Assessment order communicated through the common portal is valid

FULL TEXT OF THE JUDGMENT/ORDER OF KERALA HIGH COURT

The petitioner in WP(C).No. 6240 of 2024 is the appellant herein aggrieved by the judgment dated 20.03.2024 of the learned Single Judge in the Writ Petition.

2. Briefly stated the facts necessary for the disposal of the Writ Appeal are as follows:

The appellant who was a dealer under the Central Goods and Services Tax Act/Kerala State Goods and Services Tax Act, (CGST/SGST), 2017 and Rules approached the writ court impugning Ext.P12 assessment order. The principal contention raised by the learned counsel for the appellant was that the assessment order was communicated to the appellant through the portal that was notified by the Government for such purposes in accordance with Section 146 of the CGST Act, and hence he was not aware of the order since he had accessed the portal belatedly. It was his further contention that the Government had not notified the portal for the purposes of uploading orders, notices, etc., and therefore, the portal could be used only for the specific purposes mentioned in Section 146 of the Act.

3. The learned Single Judge who considered the matter found that albeit belatedly, the petitioner had downloaded the assessment order from the very same portal, and therefore, the delay occasioned in retrieving the assessment order from the portal was a predicament that the appellant found himself in because of his own latches. The learned Single Judge, therefore, relegated the appellant to his alternate remedy of filing an appeal in terms of Section 107 of the GST Act. The Writ Petition was dismissed with the aforesaid finding.

4. Before us, it is the submission of the learned counsel for the appellant Sri. Bobby John, that the notification of the portal in terms of Section 146 was only for the purposes of facilitating registration, payment of tax, furnishing of returns, computation, and settlement of integrated tax, electronic waybill, and for carrying out such other functions as may be prescribed. He argued that in as much as the uploading of orders is not a purpose specifically mentioned in Section 146, the common portal cannot be used for such purposes.

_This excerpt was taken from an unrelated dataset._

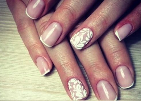 Френч с рисунком. Никто ведь не говорит, что сама основа и линия улыбки не могут быть полем для рисования неповторимого дизайна! На подобные эксперименты нэйл-мастера идут очень часто при выполнении свадебного и праздничного маникюра.

5. Attractive though the submissions may appear at first blush, we are afraid, we cannot accept the same. A reading of Section 169 of the Act makes it abundantly clear that any decision, order, summons, notice or other communication under the Act or Rules may be served on the assessee, inter alia, by making it available on the common portal. We are of the view that this statutory provision has to be read along with the provisions of Section 146, and when so read, it would mean that once a common portal is notified for the purposes of the Act, then any of the actions such as registration, payment of tax, furnishing of returns, etc., as also the communication of notices, orders, etc., as provided for under the statute can be effected through the notified portal. We have also been shown a copy of the notification amending the earlier notification issued under Section 146 of the CGST Act so as to make it abundantly clear that the notification of the common portal can also be, inter alia, for all functions provided under the CGST Rules, 2017. The said amendment has also been given retrospective effect from 22.06.2017. Thus, in any view of the matter, we find no reason to interfere with the judgment of the learned Single Judge that is impugned in the Writ Appeal.

The Writ Appeal fails and is accordingly dismissed.